Dataset items
-.-.-

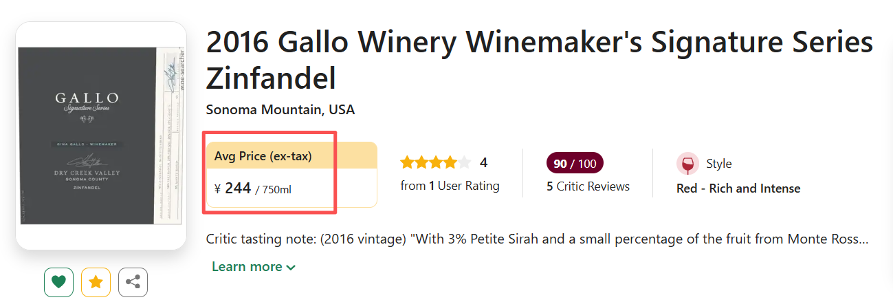 【挥泪清仓!国均4.9折!嘉露高端臻印系列,奔放甜美正值适饮顶峰期!】Gallo Winery Winemaker's Signature Series Zinfandel 2016 单支/双支/六支装
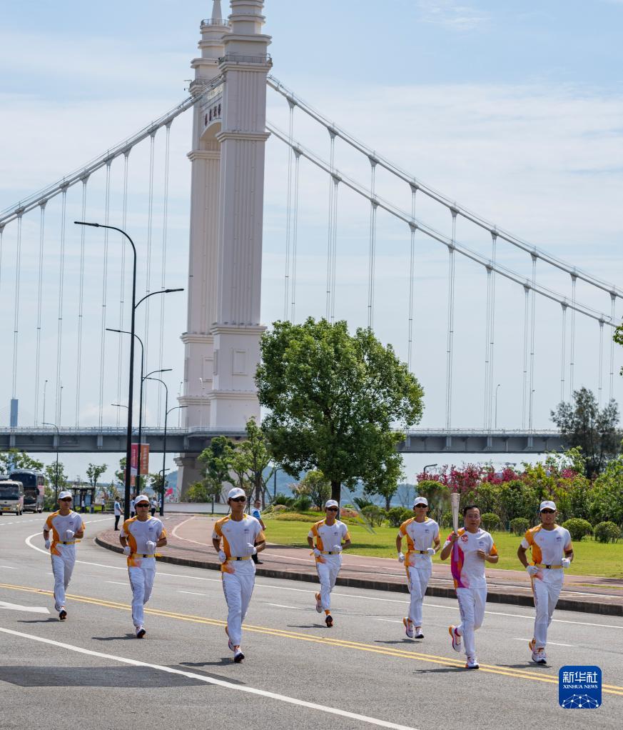 当日,杭州亚运会火炬在浙江省舟山传递。
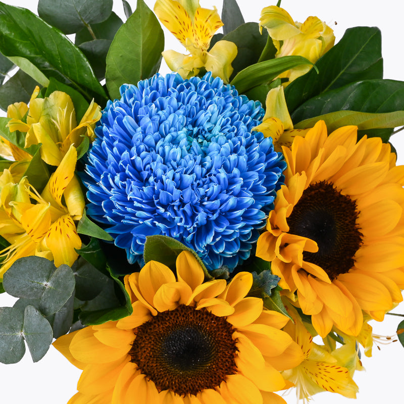 Yellow Sunflower (2 Stalks), Yellow Alstroemeria (3 Stalks), Blue Mum Net (1 Stalk), Eucalyptus Leaves
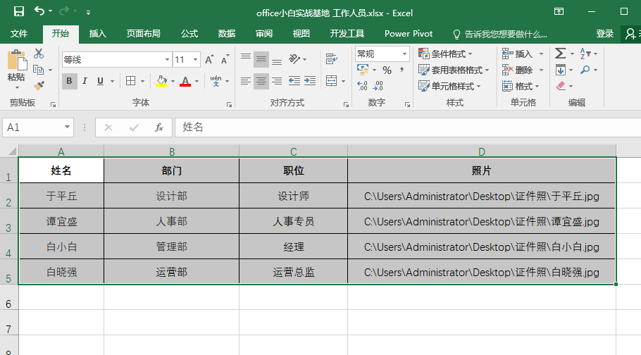 首先、我们把员工信息都整理成一个excel文件,并且把员工照片都放到一个文件件里。如下图
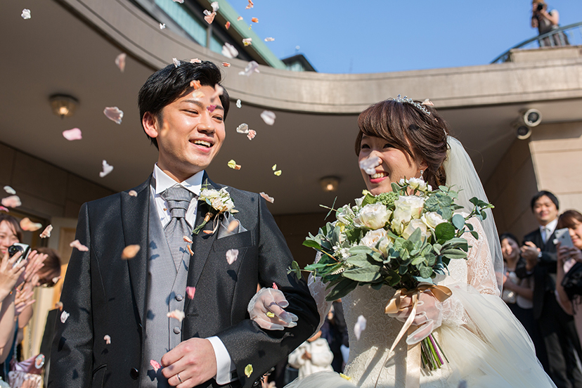 緊張の挙式後は、ゲストの温かいフラワーシャワーの祝福で自然と笑みがこぼれる。
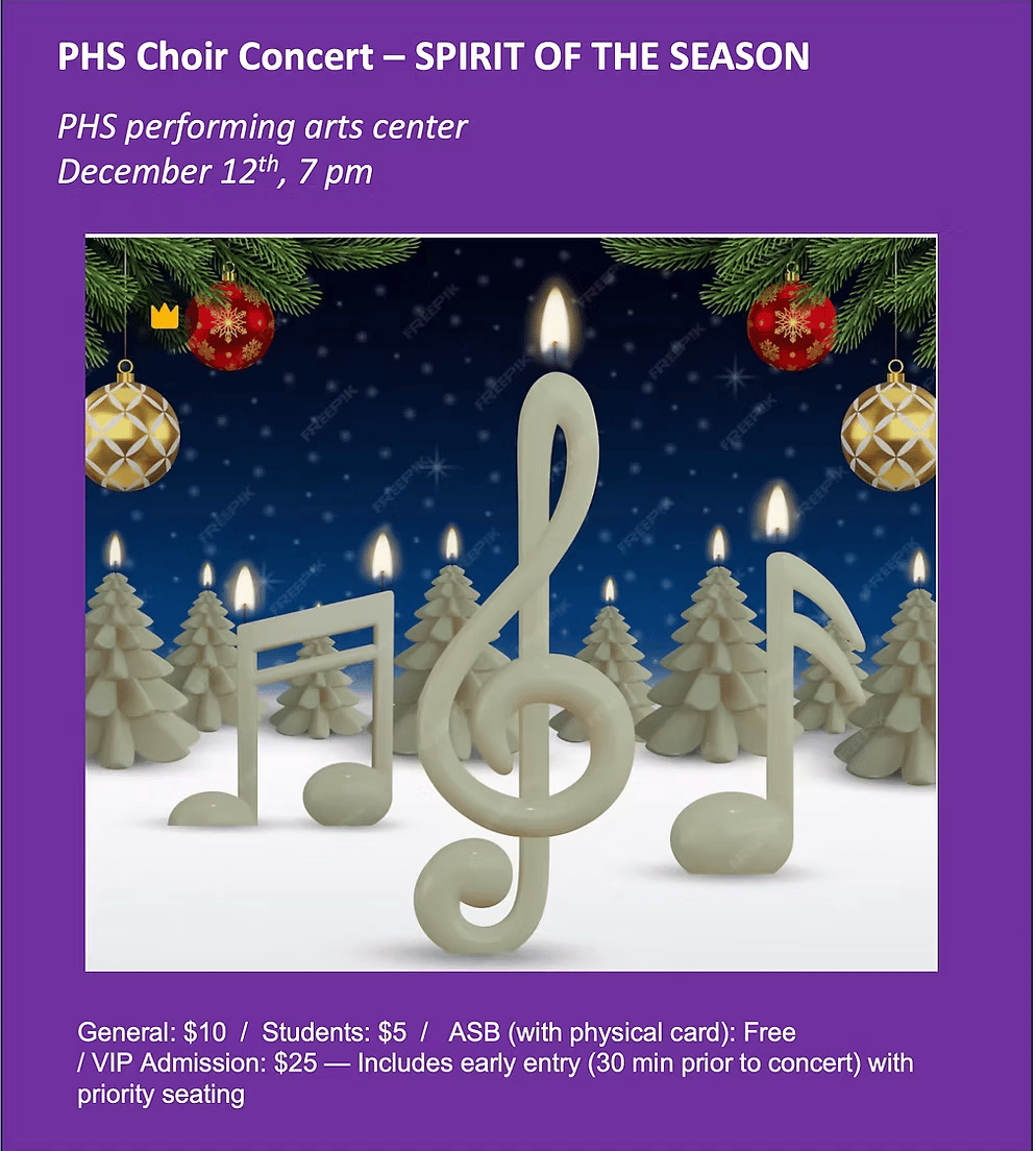December 12, 7 - 9 PM: PHS Choir Concert – SPIRIT OF THE SEASON
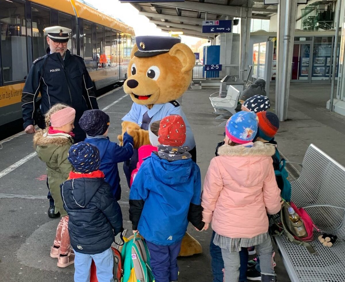 Kindgerecht erklärten Josef Prill und Beate Meyer vom Präventionsteam die richtige Verhaltensweise bei Zugreisen und welche Gefahren in und um die Bahngleise auf die Kids lauern. “Es ist sehr wichtig, frühzeitig mit der Aufklärung über die Sicherheit im Bahnverkehr zu beginnen”, so Prill. Die Besichtigung des Bundespolizeireviers und die Ausstellung eines Kinderpolizeiausweises rundeten das Programm ab.
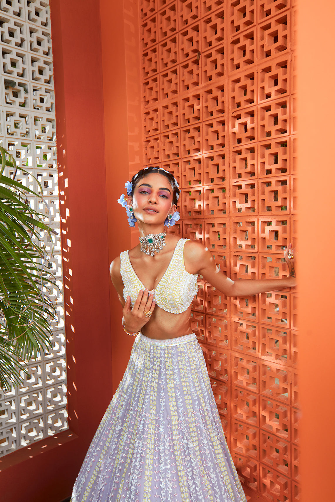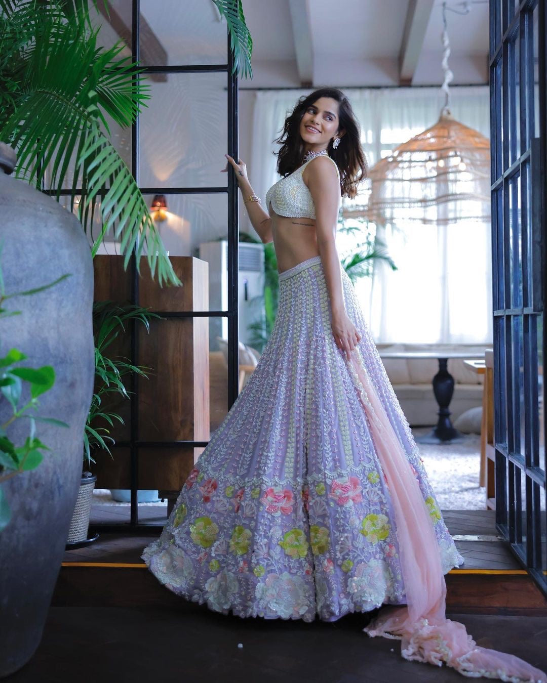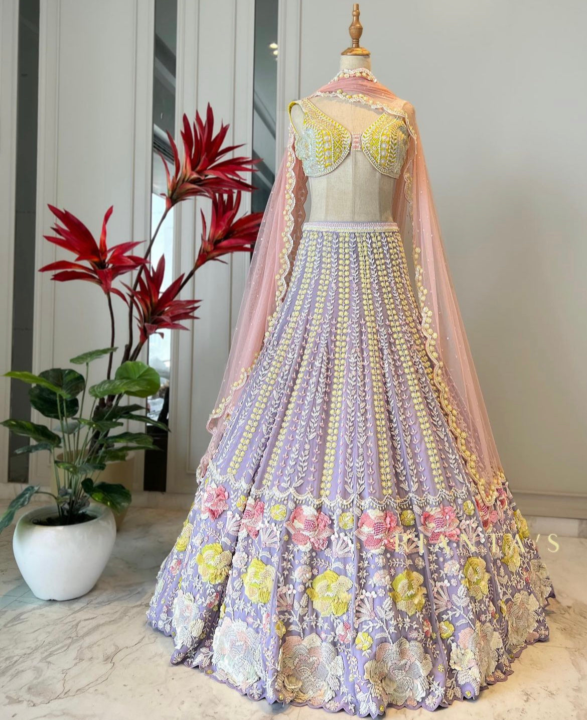 The Dreamy Daisy set is hand embroidered metallic georgette Lehenga with 20 kalis. This graceful lilac Lehenga is paired with yellow embroidered top. The Dupatta is delicately embroidered over pink net.

-.-.-

**EXERCISE DESCRIPTION:**
An exact transcription is needed of the lines from the one with "Yellow Sunflower (2" to the one with "December 12, 7" above, both ends included, with pictures left out.

**SOLUTION BELOW:**
 Yellow Sunflower (2 Stalks), Yellow Alstroemeria (3 Stalks), Blue Mum Net (1 Stalk), Eucalyptus Leaves
 首先、我们把员工信息都整理成一个excel文件,并且把员工照片都放到一个文件件里。如下图
 緊張の挙式後は、ゲストの温かいフラワーシャワーの祝福で自然と笑みがこぼれる。
December 12, 7 - 9 PM: PHS Choir Concert – SPIRIT OF THE SEASON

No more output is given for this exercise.